7. Once the Buster upgrade process has completed, we will need to get rid of some new applications that will automatically be installed.

These packages are not supported by the Raspberry Pi foundation and are recommended to be removed.

We can remove these packages by running the following command on your Raspberry Pi:

sudo apt purge timidity lxmusic gnome-disk-utility deluge-gtk evince wicd wicd-gtk clipit usermode gucharmap gnome-system-tools pavucontrol

8. Next, we need to run a few more commands to ensure we have cleaned up everything leftover from the upgrade.

The first command that we will be running is the package managers “autoremove” command. This command will remove any packages that have been marked as no longer needed due to changed dependencies.

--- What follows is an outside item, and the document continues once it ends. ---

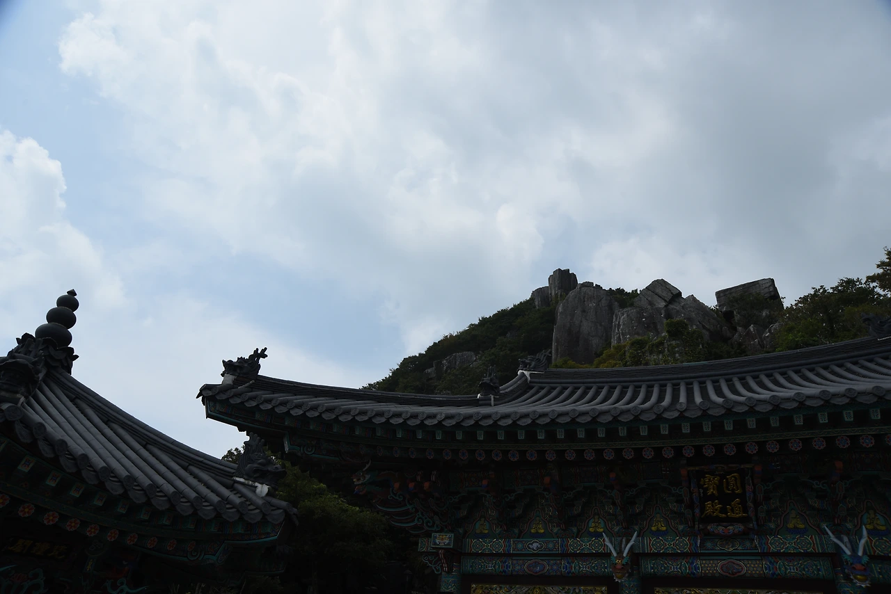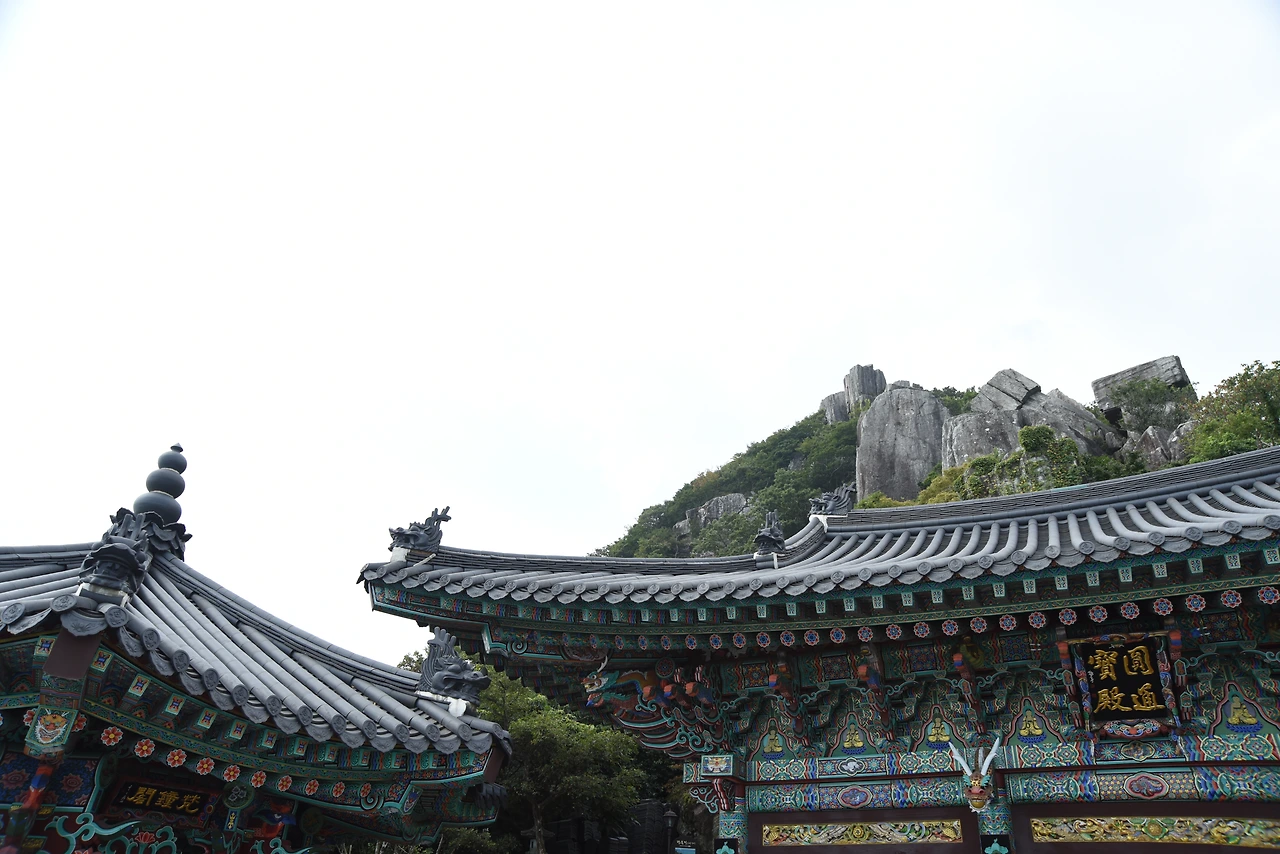 하늘은 노출 오버되면서 하얗게 날아가고 대신 향일암 단청은 고스란히 담겼다.
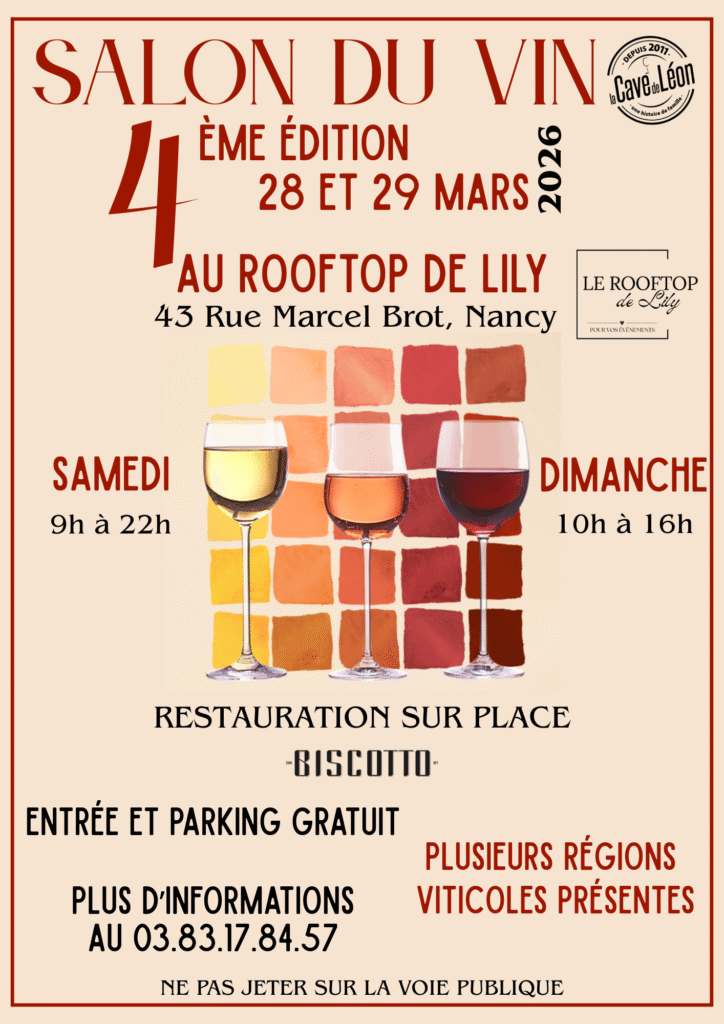 Nous avons l’immense plaisir de vous annoncer notre 4ème édition du Salon du Vin, qui se déroulera les Samedi 28 et Dimanche 29 Mars 2026 au Rooftop de Lily, au 43 rue Marcel Brot à Nancy.

Run the following command to remove these no longer required packages.

sudo apt autoremove -y

9. Now we need to run the apt package managers “autoclean”.

This autoclean command will clear out the package cache. It automatically removes any package files that are no longer available for download and thus are largely useless.

Use the command below to begin the cleaning process.

sudo apt autoclean

10. The final thing we should do is restart our Raspberry Pi. Restarting ensures that the Raspberry Pi will load in all the new Buster packages and clear out any old data sitting in memory.

Run the following command to reboot the Raspberry Pi:

sudo reboot

At this point, you should now have successfully updated your Raspberry Pi from Raspbian Stretch to Raspbian Buster.

Setting up The Raspberry Pi Owncloud Server

The first thing we need to do is install both NGINX and PHP to our Raspberry Pi. We will need both of these pieces of software to run the Owncloud software.

1. Firstly, in either The Pi’s command line or via SSH, we will need to update the Raspberry Pi and its packages, do this by entering:

sudo apt-get update
sudo apt-get upgrade

2. Next, we need to add the www-data user to the www-data group.

sudo usermod -a -G www-data www-data

These instructions have been updated to work with Raspbian Buster. If you’re on an earlier version, then I highly recommend you upgrade to Raspbian Buster.

3. Once you are running Raspbian Buster, you can safely continue with this tutorial.

In this step, we will be installing all the packages that we require to run Owncloud. This includes php7.3 and its numerous modules that OwnCloud relies upon.

Run the following command to install everything we need:

sudo apt-get install nginx openssl ssl-cert php7.3-xml php7.3-dev php7.3-curl php7.3-gd php7.3-fpm php7.3-zip php7.3-intl php7.3-mbstring php7.3-cli php7.3-mysql php7.3-common php7.3-cgi php7.3-apcu php7.3-redis redis-server php-pear curl libapr1 libtool libcurl4-openssl-dev

Setting up NGINX for Owncloud and HTTPS

Our next step is to now set up and configure NGINX for it to work with the Owncloud software. We will also be setting NGINX up so that it can support HTTPS connections as well.

1. Now we need to create an SSL certificate you can do this by running the following command:

sudo openssl req $@ -new -x509 -days 730 -nodes -out /etc/nginx/cert.pem -keyout /etc/nginx/cert.key

Just enter the relevant data for each of the questions it asks you.

2. In addition to the SSL certificate, we also need to generate a custom dhparam file. This file helps ensure that our SSL connections are kept secure. By default, this would use a default one that isn’t nearly as secure.

To generate a 2048 byte long dhparam file, run the following command on your Raspberry Pi. This process will take quite a long time, up to 2 hours.

Adding the dhparam flag to the command will help speed up the process, but arguably is less secure.

sudo openssl dhparam -out /etc/nginx/dh2048.pem 2048

3. Now we need to chmod the three cert files we just generated.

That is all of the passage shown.